'All my petty schemes': The Hong Kong diaries of Chaloner Alabaster, 1855-56
Chaloner Alabaster (later, Sir) became a Student Interpreter in the China Consular Service in 1855, aged 16. The Consular Service was established under the Treaty of Nanjing after the British victory in the First Opium War in 1843. Student Interpreters were the lowest rung on the ladder, but Alabaster was to climb nearly to the top in his career, ending as Consul-General in Canton. He kept diaries all his working life. Those that I used for A Young Englishman in Victorian Hong Kong were the first four describing his first encounter with China and his life in the new colony. Hand-written in plain exercise books, they cover sixteen months but amount to more than 50,000 words. In this talk I will consider Alabaster’s diary writing, his social circles, his education in the Chinese language, and the nature of his records of Hong Kong life.

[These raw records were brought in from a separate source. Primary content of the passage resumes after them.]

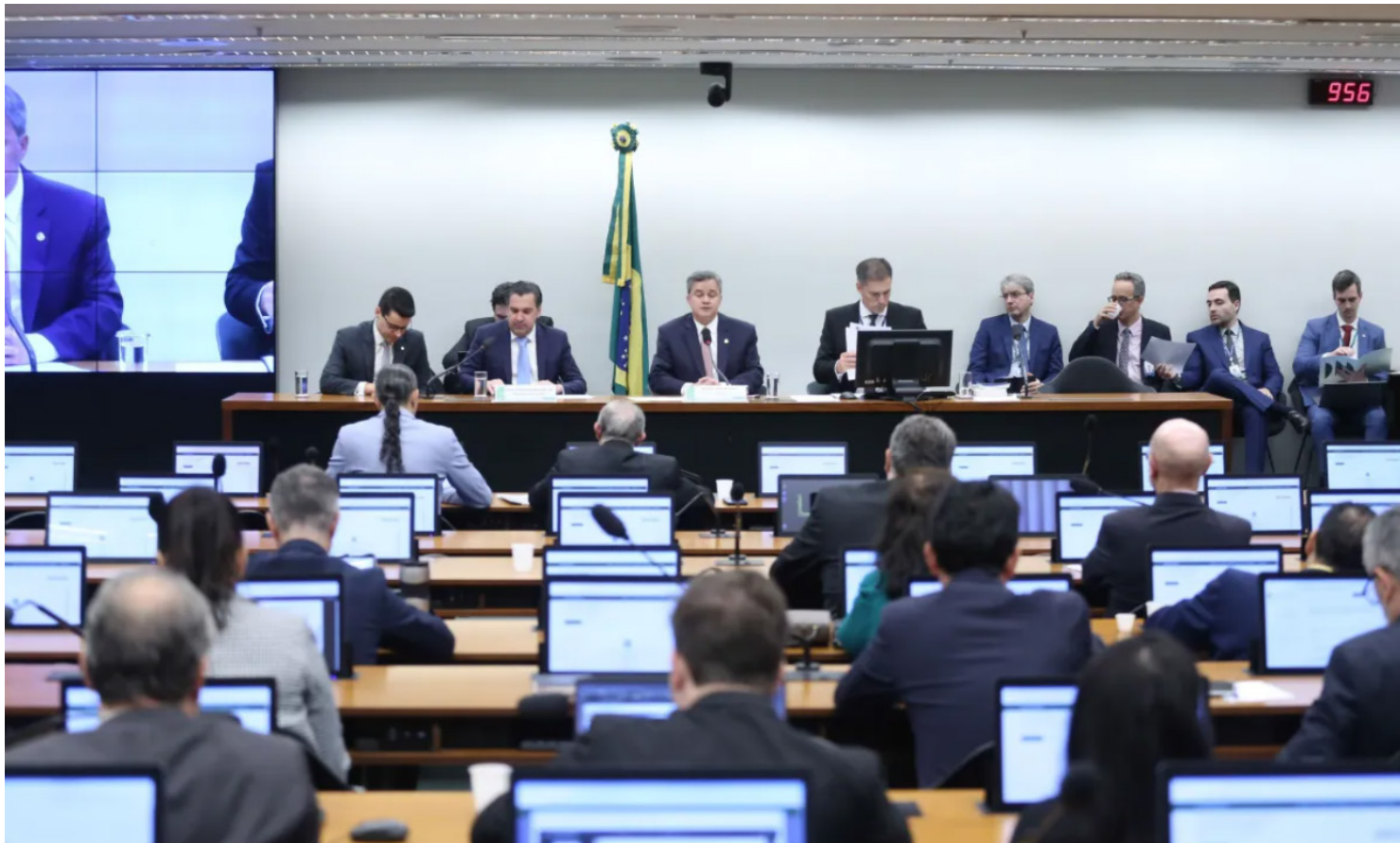
Peça orçamentária prevê superávit de R$ 34,5 bilhões no próximo ano; projeto vai à sanção presidencial

Para o ano que vem, a meta fiscal prevê superávit de 0,25% do PIB (Produto Interno Bruto), ou seja, de R$ 34,3 bilhões. O
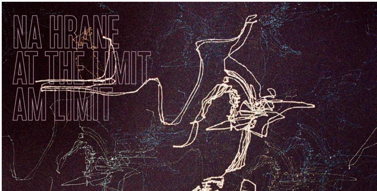
Bignia Wehrli: Písanie hviezdami, 2014, séria päťdielných obrazov, pigmentová tlač, foto: archív umelkyne
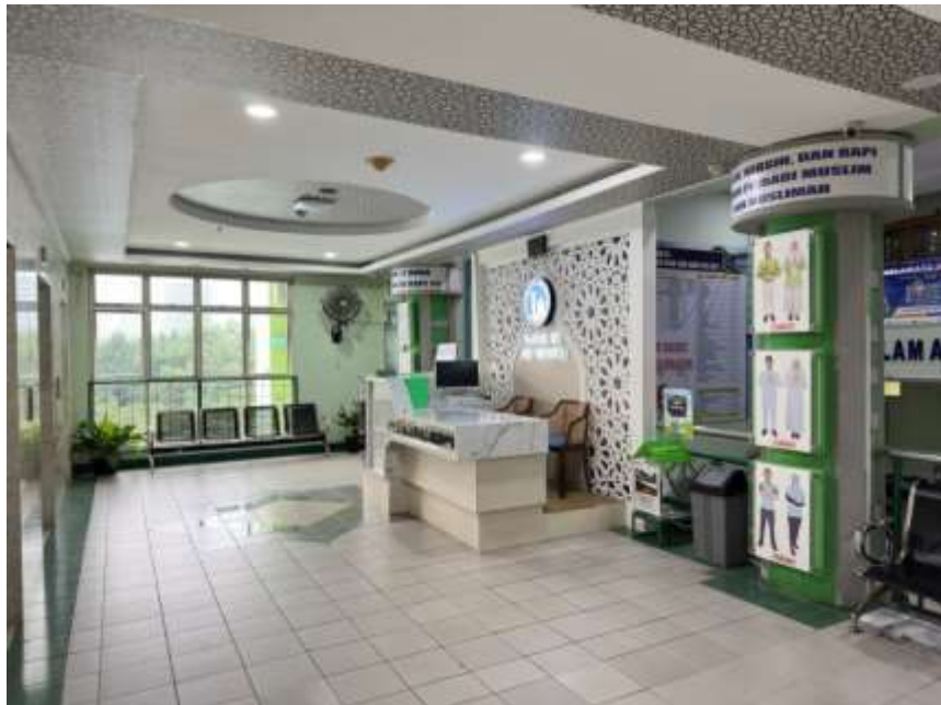
Meja Piket Sekolah
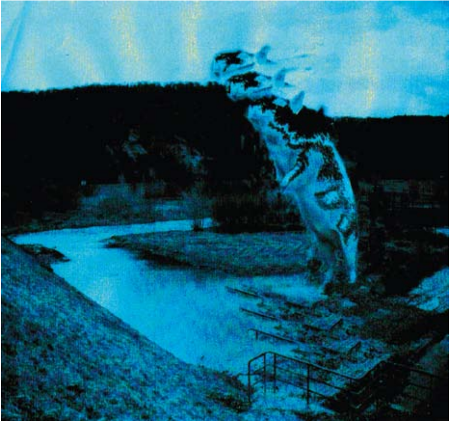
pigs are coming · 2008 · 30,5 x 28 cm
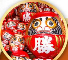
วัดคัตสึโองิ (วัดदारุมะ)

ชมความงามของกำแพงหิมะ เส้นทางสายอัลไพน์ ทากายามา (JAPAN ALPS SNOW WALL)
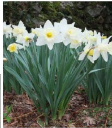
花期：1～4月頃（品種によって異なる）
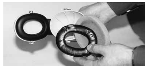
Gehörschutzkapseln pflegen und instand halten.

Informationsbroschüre für die Mitarbeiter/-innen: «Wie bitte? Fragen und Antworten zum Thema Lärm.» (Bestellnummer: 84015.d)
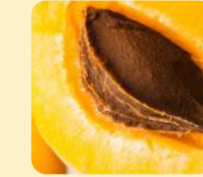
Масло абрикосовой косточки
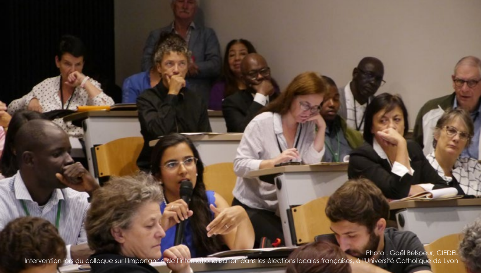
Intervention lors du colloque sur l'importance de l'internationalisation dans les élections locales françaises, à l'Université Catholique de Lyon
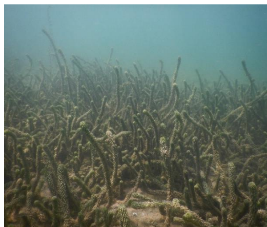
...e nel lago di Lugano
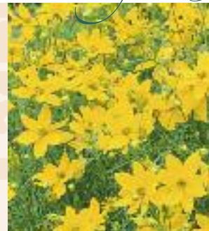
▲ Coreopsis verticillata 'Golden Gain' Mädchenauge

Blütezeit Juli–September Höhe 45 cm Pflanzenabstand 35 cm
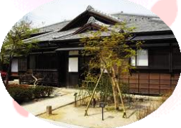
江戸時代から続いていた豪農・豪商の旧家 旧堀切邸 県内最古の土蔵「十間蔵」が現存されています
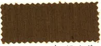
キャメルベージュ
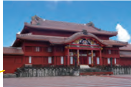
ひとり首里城を満喫。木村
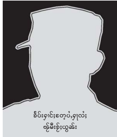
ခိပ်းရှမ်းစတုဝံးရှပ်လံး ဖွဲးမီးနွဲးယွမ်း

လှိုင်းစတု လံးလျးမိုင်း ဝီဆီတံးဆွဲ ယူ၊ ပင်လှိုင်း။ ကွဲတင်းဝီဆီ ဂူဆွဲရှေးဂျးတင်း၊ ရှမ်းသိဆွဲ။ ပေးဝါး စတု၊လံးလှိုင်းဖိုဆွဲမေး ဂေး၊ လံးစပ်းပေးသေ လှိုင်းယွမ်းပွတ်းကွက်၊မိုင်း
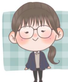
奈義町立奈義中学校 教諭
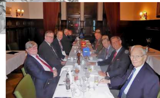
Tyst klubbafton den 19 februari.
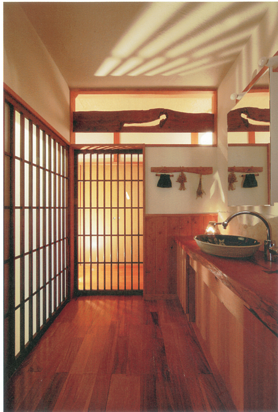
②アンティークの扉や古材が姿を変え、新たな役割を担う
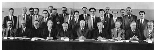
Figur 4. Deltagere i Solvaymødet fra 1958. På første række ses bl.a. G. Lemaître, W. Pauli, R. Oppenheimer og C. Møller, og på anden række O. Klein, F. Hoyle, W. Baade, J. Wheeler, H. Bondi og L. Rosenfeld.

tilsvarende selskab med omkring 200 medlemmer. Af særlig betydning var det prestigefyldte Solvaymøde (se figur 4), der for 11. gang blev afholdt i Bruxelles i 1958. For første gang i Solvayinstitutionens historie var et møde dedikeret til astrofysik, gravitation og kosmologi. Mødet var forberedt af bl.a. Lemaître, Pauli, Oppenheimer og Christian Møller, der alle var overbeviste om, at Einsteins gravitationsteori stod over for en gylden fremtid. Selv om den generelle relativitetsteori stod højt på dagsordenen i Bruxelles, var der også plads til steady-state teorien, der på mødet blev forsvaret af Gold, Bondi og Fred Hoyle.
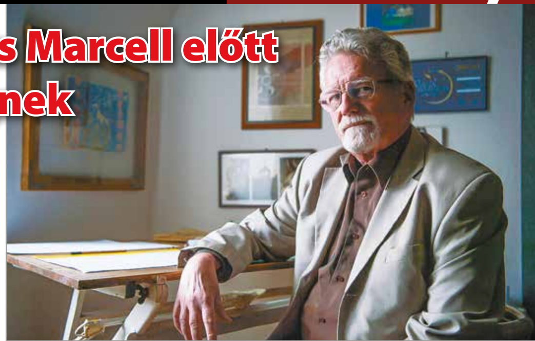
Jankovics Marcell a magyar filmművészet egyik legjelentősebb alkotója

Az Algírban született Tony Gatlif rendező alkotói munkásságát mindenekelőtt a szabadság, az igazságszeretet és a zabolátlanság vezérli. Szenvedélyes filmjeiben az úton levésnek, a gyökerek felkutatásának, a létezés gyönyörűségének titkait kutatja. Pont, mint a CineFest programjában szereplő - a Cannes-i Fesztiválon 2004-ben a legjobb rendezés díjával kitüntetett - Száműzöttekben is. Emlékezetes filmjei - a Gadjo Dilo , a Transylvania , a Szabadság , a Geronimo , az idén Cannes-ban bemutatott Tom Medina és a Latcho Drom - örökre bevésődnek a nézők emlékezetébe, csodálatos képei, dallamai felejthetetlenek. Gatlif Indiától Egyiptomig, Törökországon, Szlovákián, Románián és Magyarországon át Spanyolországig járja végig a roma nép életének színhelyeit, filmjei egy örökké tartó, hatalmas utazás részletei, melyen megtiszteltetés a rendezővel együtt utazni. A CineFest Miskolci Nemzetközi Filmfesztivál idén Életműdíjjal tünteti ki Tony Gatlif rendezőt, aki a fesztivál nyitóünnepségén veszi át az elismerést.
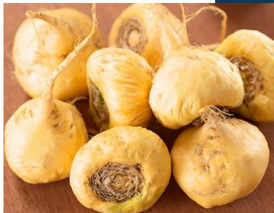
MACA US$ 19.6 M
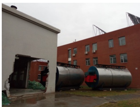
移出 2 台旧锅炉
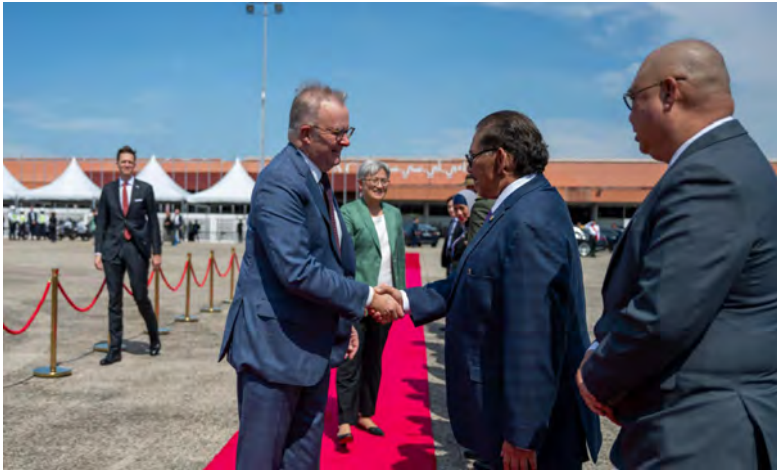
PERDANA Menteri Australia, The Honourable Anthony Albanese MP serta rombongan berlepas meninggalkan negara setelah menamatkan Lawatan Kerja selama dua hari (atas dan kanan).

Benjamin Penny is professor of Chinese History and Religion in the School of Culture, History and Language in the College of Asia and the Pacific, ANU. Educated at the universities of Sydney, Cambridge, Beijing, and the ANU, he works on medieval Daoism, new religions in the contemporary Chinese world, the history of sinology, Bible translation, and scholarship on China among expatriate society in the nineteenth century. He is currently Convenor of the ANU Taiwan Studies program.